WHAT YOU ARE ASKED TO DO.
What is needed is the exact text of each line in the listing below from the one with "Experimente o Lava" up to and including the one with "Join us at the", and no pictures.

[Opening WORKING DATA section]

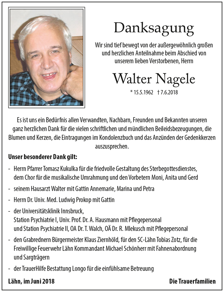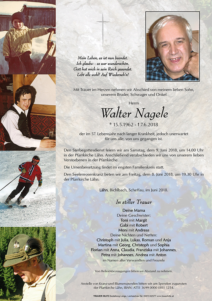 Kondolenzbuch für Walter Nagele
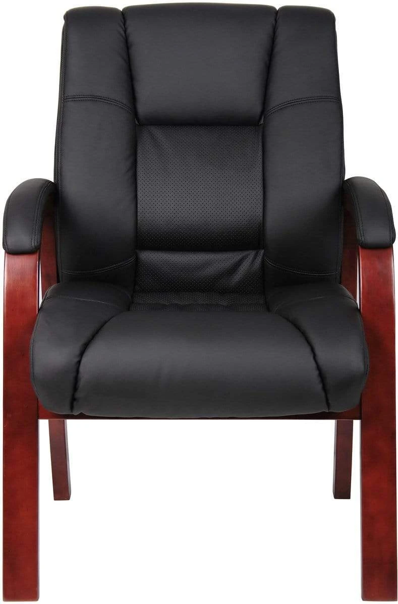 This gorgeous mid back guest chair pairs perfectly with our high and mid back executive chairs. Its distinctly modern design consists of beautiful Caressoft upholstery, plush Dacron filled top cushions with perforated centers, and cherry or mahogany finished wood. Caressoft is a soft material that has a durability similar to vinyl but the look and feel of leather with the added benefit of being easy to clean. Give your guests the next-level seating experience they deserve.
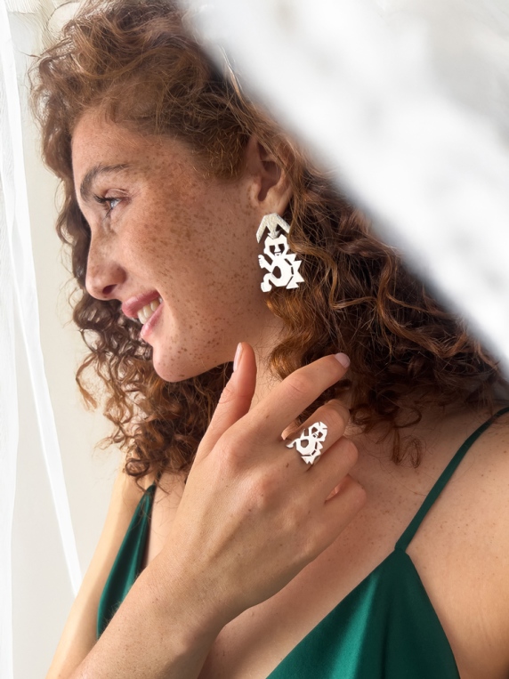 Rhita Créations, portée par Rhita Benjelloun, révèle « L’Île Secrète », une collection de bijoux-totems façonnés à la main. « L’Île Secrète » est un refuge intérieur, quelque part entre l’enfance et le songe, là où la solitude devient douceur et la mélancolie, lumière, comme le décrit joliment la créatrice. De cet espace naissent des créatures étranges et bienveillantes, mi-esprits, mi-souvenirs, dessinées d’un geste instinctif puis sculptées et martelées dans la matière. Chaque figure porte un symbole. La libellule incarne le passage et la transformation. Le singe, libre et joueur, invite à l’humour et au détachement. La méduse enseigne le lâcher-prise, portée par la force douce des courants. Le serpent célèbre la mue et la renaissance, gardien des cycles et de la guérison. L’oiseau relie la terre au ciel, symbole de liberté et de vision. Le totem mi-lune, mi-soleil unit les contraires et veille sur l’équilibre intérieur. La grenouille annonce le renouveau, la sirène écoute les profondeurs, le chat protège les seuils invisibles, et le renard choisit chaque détour avec intelligence sensible. « Chaque bijou de la collection est une trace de ce monde-là, appuie Rhita Benjelloun. Un talisman pour ne pas oublier son imaginaire, pour se rappeler que la beauté peut naître du silence, de l’instinct et du renouveau. »
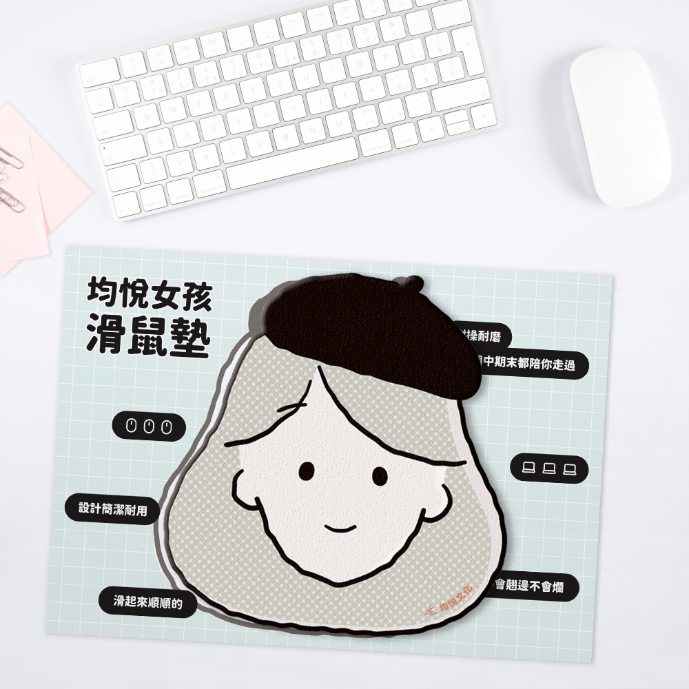 【均悅女孩】質感滑鼠墊:靈感不卡關,陪你戰勝期中期末! 公司超人氣吉祥物「均悅女孩」化身靈感夥伴! 簡筆線條搭配俏皮畫家帽,簡潔設計展現純粹美感。 採用高效能耐磨材質,手感滑順不卡頓。 無論是熬夜改作業還是專注查資料, 就讓「均悅女孩」在手邊為你加油打氣,成為你桌上最耐操、最貼心的最強戰友! PS. 數量有限,發完為止,有興趣的教師們可主動聯繫當區業務取得喔!
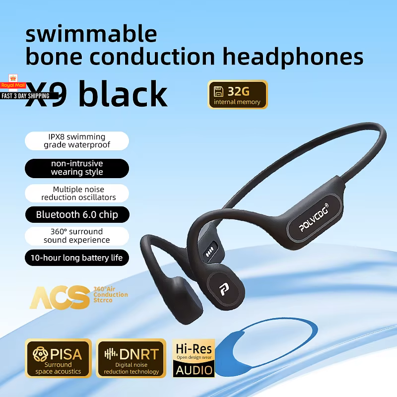 POLVCDG X9 Bone Conduction Earphones IPX8 Waterproof Open Swimming Earphones 32G
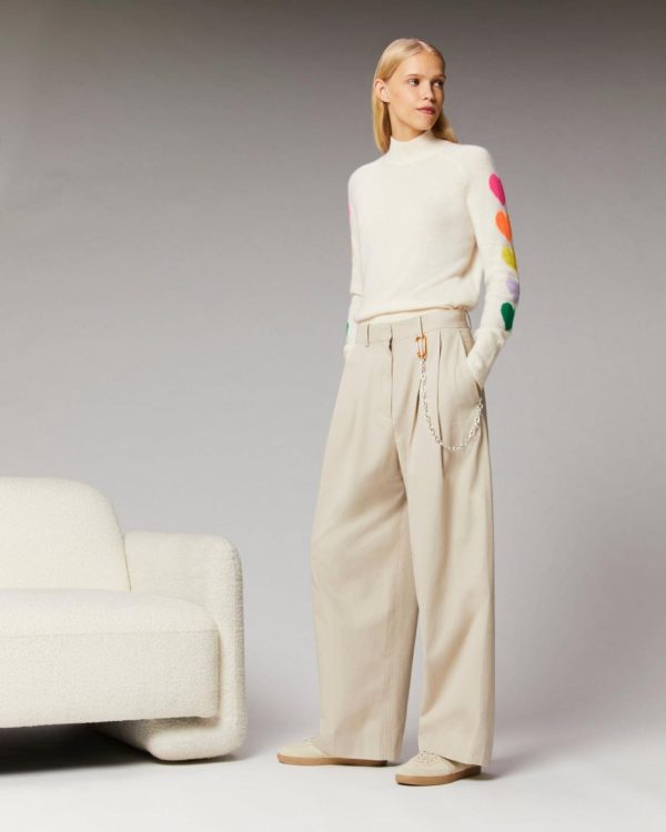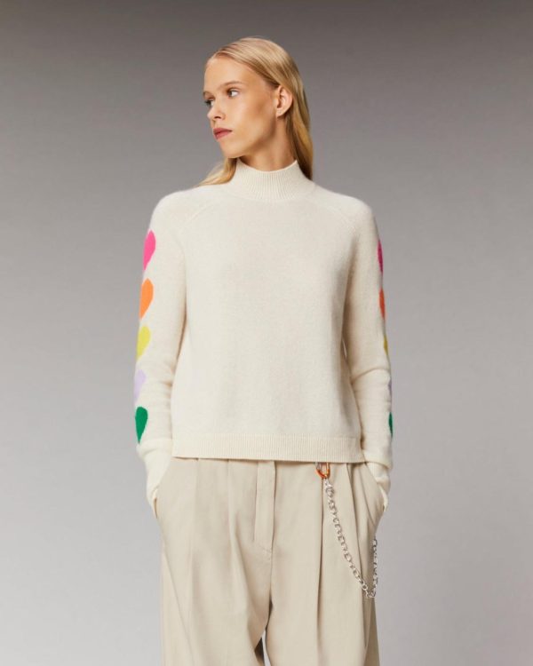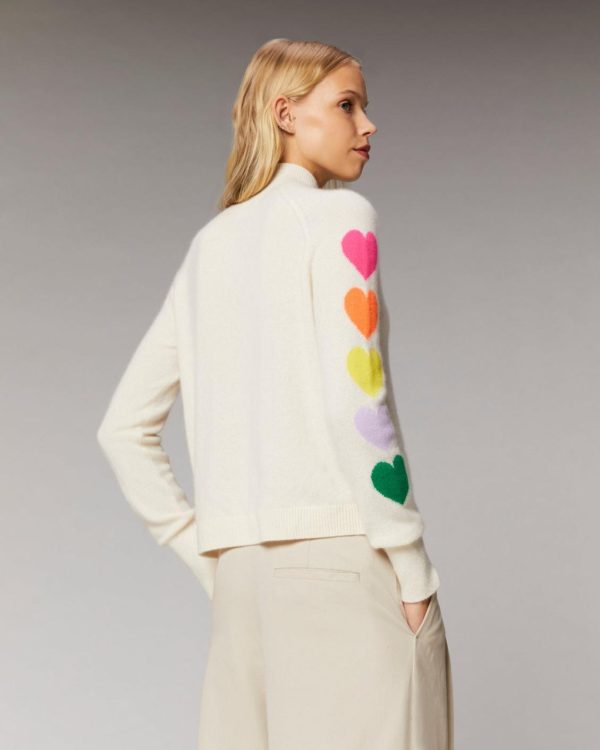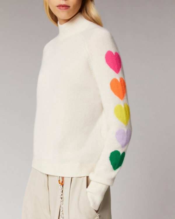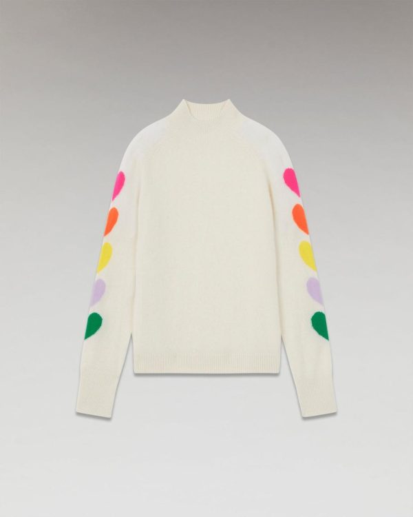 Léger et infiniment doux, ce pull court confectionné en 100% cachemire 2 fils est une véritable déclaration cosmique. Constellé de cœurs multicolores le long des manches, il dévoile un col montant et des bords côtelés. Idéal pour réchauffer votre allure avec audace et style, il s’associe à un jean décontracté pour un look élégant et futuriste.
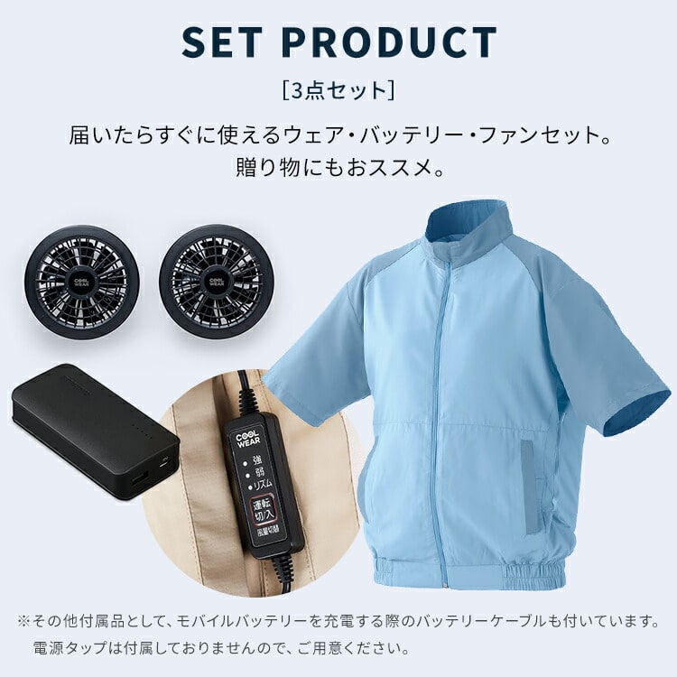 ファン、コントローラーケーブル、モバイルバッテリー、ウェアのセット。
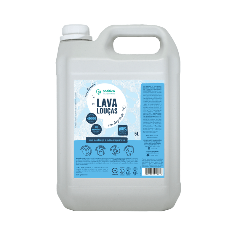 Experimente o Lava Louças Sem Fragrância, a escolha consciente para uma limpeza eficaz e desengordurante de alta performance. Livre de petroquímicos, e neutro para quem prefere sem fragrância. Gentil com suas mãos com pH neutro, glicerina vegetal e textura em gel, proporcionando hidratação e cuidado extra. O Refil de 5L lava até 41 mil pratos, utilizando 67% menos plástico que a versão de 420ml. Biodegradável, vegano e hipoalergênico, respeitando o meio ambiente, sua casa e sua saúde em cada lavagem.
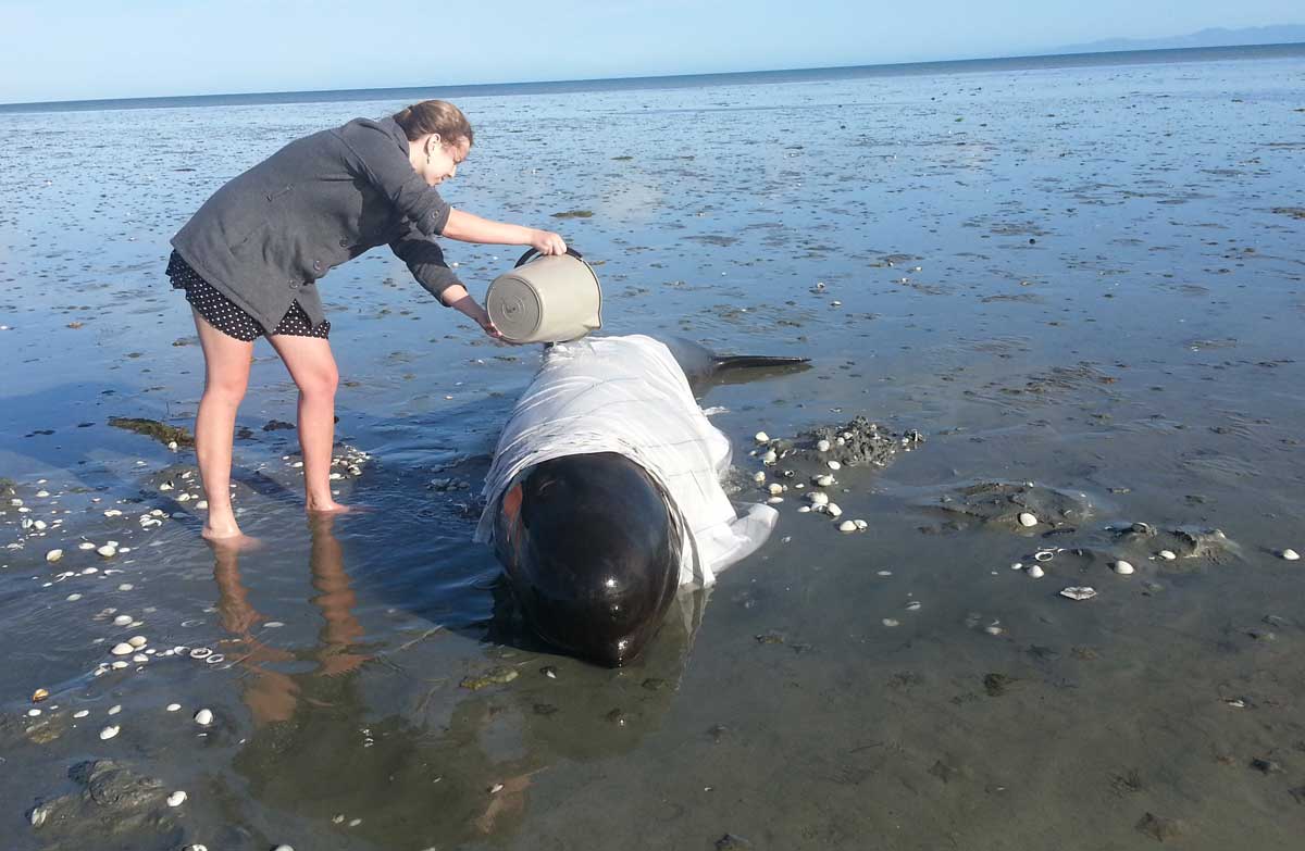 - In suitable conditions (ie, not too windy), cover animals with wet sheets and begin gently bucketing water onto them. Do not cover the blow hole or pour water into the opening (to prevent this, wait until the animal has taken a breath before pouring). Concentrate on flippers and flukes.
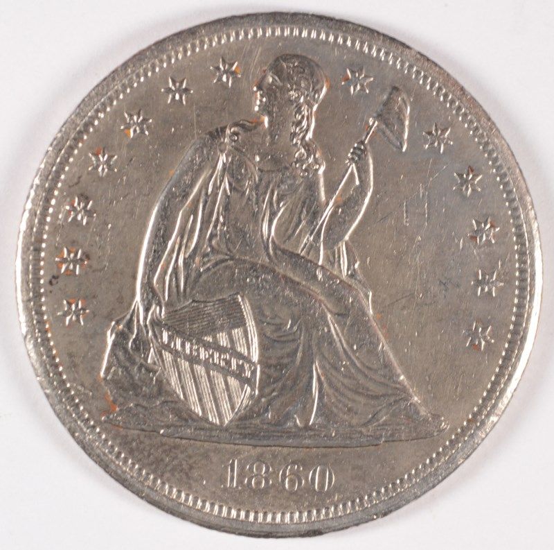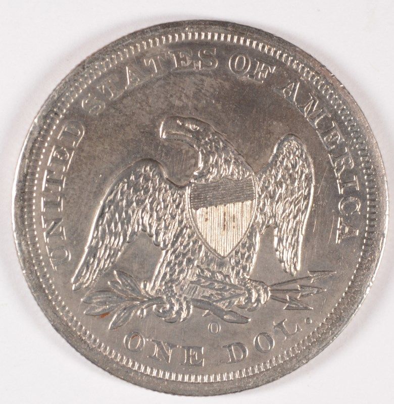 1860-O SEATED DOLLAR, MS-63 CLEANED, RARE HARD TO FIND, SEMI-PL
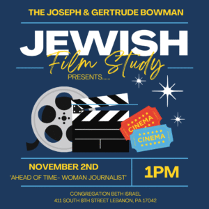 Join us at the synagogue on Sunday, November 2nd at 1pm for “AHEAD OF TIME– WOMANS JOURNALIST”
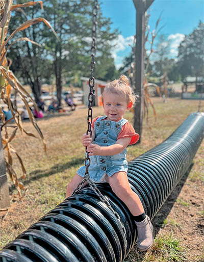 “We offer over 25 fun farm attractions, including barrel train rides, horse shoes, disc golf, acres of playground fun, photo opportunities, farm animals and much more,” said Patricia, noting that her favorite part of operating the farm is seeing families join together. “We love opening the farm up for families to experience real farm life and make memories together. It’s an amazing feeling!”
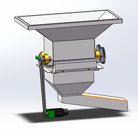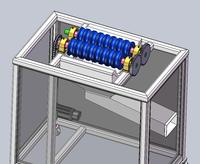 本产品属于核桃工业化生产必备的脱壳设备,是实现核仁分离的高效脱壳装置。产品主体采用硬质合金钢空心圆管,外形尺寸约为1000×1000×1000mm的立方块,内部结构均以合理的装配关系安装在这个立方块中。主要由三大装置组成,即:导向装置、脱壳装置、传动装置。导向装置确保核桃以合理的方位进入脱壳装置,并实现核桃脱壳后自动离开脱壳装置;脱壳装置有挤压轮提供使核仁分离的压力;传动装置采用带传动加上齿轮传动,给挤压轮提供动力。
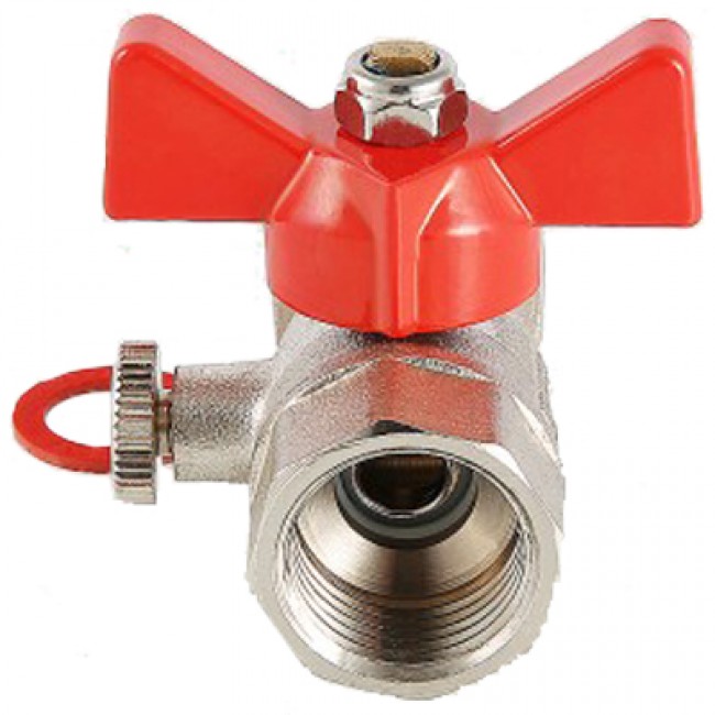 Латунный никелированный кран для подключения манометра. Присоединение измерительного прибора осуществляется с помощью накидной гайки с уплотнением в виде паронитовой прокладки. Седельные кольца шарового крана выполнены из тефлона, уплотнение штока изготовлено из EPDM. Вращение ручки крана позволяет произвести подключение манометра к измеряемой среде, его отключение, сброс воздуха из манометра, сброс воздуха из измеряемой среды. Предусмотрен резьбовой штуцер для присоединения контрольного (поверочного) манометра. Кран предназначен для систем с рабочим давлением до 16 бар и максимальной температурой 130 °С. Резьба подключения крана – внутренняя.
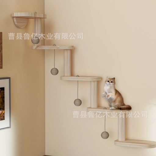 現物壁掛け型木製キャンバス猫巣猫跳台剣麻縄木製猫掴み柱卸売り実木猫登り架
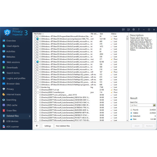 Když už mluvíme o mazání dat: Už jste někdy omylem smazali důležitý soubor? Ashampoo Privacy Inspector ho dokáže obnovit za vás! Vyberte disk a program úhledně vypíše všechny smazané soubory – spolu s možností obnovit je jednotlivě. Je to záchrana!
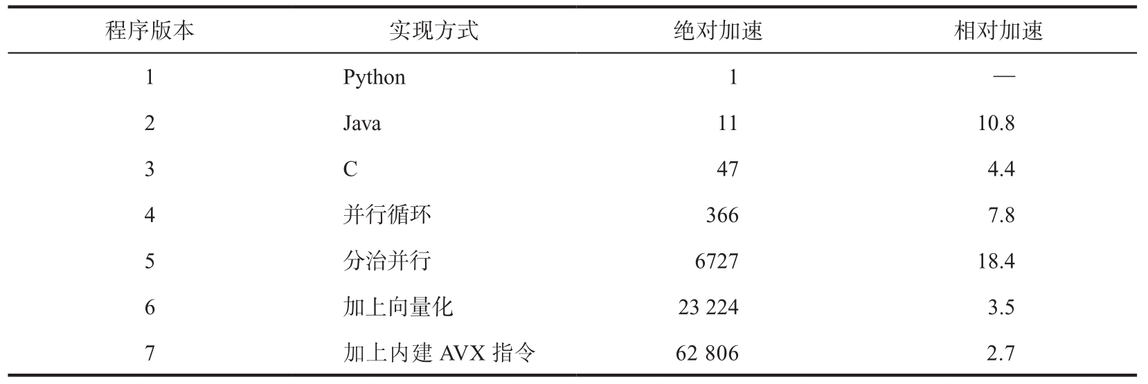 表1 通过性能工程加速两个4096×4096矩阵相乘的程序

[Closing WORKING DATA section]

REPLY.
 Experimente o Lava Louças Sem Fragrância, a escolha consciente para uma limpeza eficaz e desengordurante de alta performance. Livre de petroquímicos, e neutro para quem prefere sem fragrância. Gentil com suas mãos com pH neutro, glicerina vegetal e textura em gel, proporcionando hidratação e cuidado extra. O Refil de 5L lava até 41 mil pratos, utilizando 67% menos plástico que a versão de 420ml. Biodegradável, vegano e hipoalergênico, respeitando o meio ambiente, sua casa e sua saúde em cada lavagem.
 - In suitable conditions (ie, not too windy), cover animals with wet sheets and begin gently bucketing water onto them. Do not cover the blow hole or pour water into the opening (to prevent this, wait until the animal has taken a breath before pouring). Concentrate on flippers and flukes.
 1860-O SEATED DOLLAR, MS-63 CLEANED, RARE HARD TO FIND, SEMI-PL
 Join us at the synagogue on Sunday, November 2nd at 1pm for “AHEAD OF TIME– WOMANS JOURNALIST”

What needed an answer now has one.